■ Exercise aim
In the entries below, find the line with "Prayer Rug - Prayer" and transcribe it and every line after it exactly, through the last line, without pictures.

+ + + + +

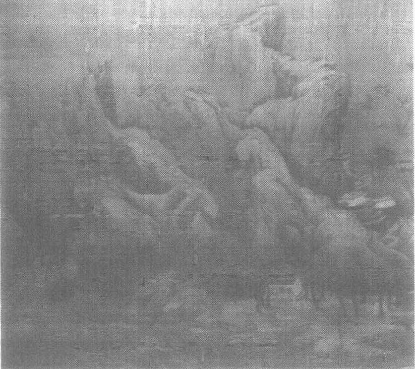 | 释义 | 古代名物 > 雕繪類 > 繪畫部 > 卷軸畫 > 江山秋色圖 江山秋色圖 jiāngshānqiūsètú 舊傳爲宋代趙伯駒所繪作品。絹本,設色,縱五六·六厘米,横三二三·二厘米。以長卷形式展現錦繡河山。重巒疊嶂,嶺岫起伏,輕雲飄浮,碧水漣漪,點綴著茂林脩竹,飛瀑流泉,樓閣臺榭,山徑舟渡。中有車馬行旅翻山越嶺而來,亦有閒散人物亭間小憩。全卷用筆尖細而不纖佻,精工周密;青緑設色,調和藴藉,明快强烈;勾勒填染中,艷麗又多樸拙,顯示蒼潤秀逸的意趣,亦反映出宋代青緑山水之風。圖無款印,明人題爲南宋趙伯駒畫。後幅有明朱標題記。鈐有收傳鑑藏印記十七方。經《石渠寳笈初編》著録。現藏北京故宫博物院。 江山秋色图 107 江山秋色图传南宋赵伯驹画,又疑为北宋高手佳作。绢本青绿设色,描绘深秋辽阔山川郊野景色,画中千岩竞秀,万壑争流,溪水曲折,丛林回环,其间散见楼观屋宇,桥梁栈道,舟车行旅,文人、樵夫,笔法精工之极。用笔尖细而不纤佻,设色秾艳而不庸俗,全画清新秀媚,深远怡静。现藏故宫博物院。 ☚ 千里江山图 芙蓉锦鸡图 ☛ 江山秋色图 江山秋色图传为宋赵伯驹作,绢本设色。曾经明内府、清内府收藏,钤清乾隆、宣统诸藏印。《石渠宝笈初编》著录。《江山秋色图》采用长卷形式,以巧妙的构思、精湛的笔法和色彩展示了深秋山川郊野辽阔壮丽的景色。画面上重山峻岭盘薄绵延,层峦叠巘奇崛峥嵘; 悬崖间行云缭绕,瀑布飞挂; 山下河川回环,碧水涟漪。峰间水畔穿插安排楼观屋宇、栈道廊桥,苍松古树,茂林修竹,错落有致,聚散得宜。流连于山水之间的人物,有三三两两闲步于竹径者,待渡于溪岸,垂钓于水滨者,游人拾级而上,还有居山顶高楼侃侃而谈者。江上小舟荡漾,车马行旅正翻山越岭而来。此图布局采用传统的中国山水画 “散点透视”法,将高远、深远、平远三种方法适当结合起来,以平视或俯视的角度处理景物,造成容量大、布置奇、开合有度的效果,画面变化中有统一,既奇伟壮丽又深邃空灵。笔墨设色继承隋唐以来青绿山水画传统而更臻成熟。山石、土坡以“小斧劈皴”为主,兼以流畅、多变的长线条勾廓,根据景物的形质,山石的纹理,或勾勒,或皴染,工整中灵变不滞,繁密中又极为紧要。笔力秀劲,人物虽小却形态逼真。设色合理,十分得体地表现出景物的阴阳向背、远近晦明。赵伯驹 (1119—1185) 字千里,宋宗室。南宋高宗时曾任浙东兵马钤辖。工青绿山水,师法李思训,风格工致巧整,长于花草、禽鸟、竹石、人物。《江山秋色图》无作者款印,也无元明以前收藏印记和题跋,故近人提出质疑,或谓系出自北宋画院高手。
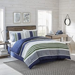 IZOD Liam Comforter Set, Cotton, Indigo, Twin, 2 Piece, Comforter & Sham
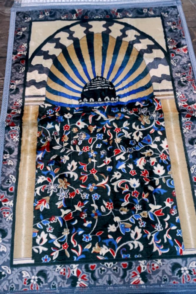 Prayer Rug - Prayer Rug with the Design of the Holy Green Dome, Grey Color, Price: 15
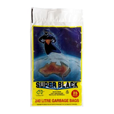Bin liner Super Black 240L Heavy Duty Black x 100 Kaplan
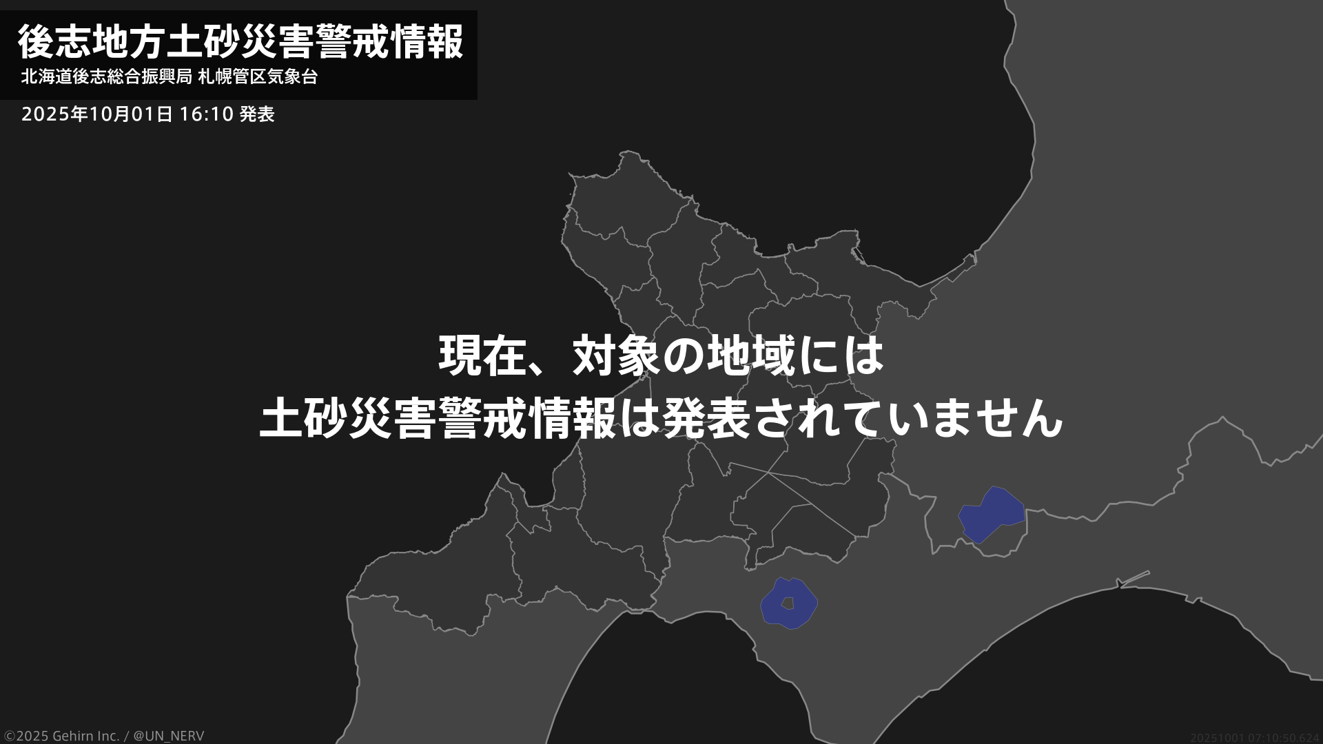 【後志地方 土砂災害警戒情報 2025年10月01日 16:10】後志地方に発表されていた土砂災害警戒情報はすべて解除されました。#土砂災害警戒情報 #後志地方

+ + + + +

■ Answer to this task
 Prayer Rug - Prayer Rug with the Design of the Holy Green Dome, Grey Color, Price: 15
Bin liner Super Black 240L Heavy Duty Black x 100 Kaplan
 【後志地方 土砂災害警戒情報 2025年10月01日 16:10】後志地方に発表されていた土砂災害警戒情報はすべて解除されました。#土砂災害警戒情報 #後志地方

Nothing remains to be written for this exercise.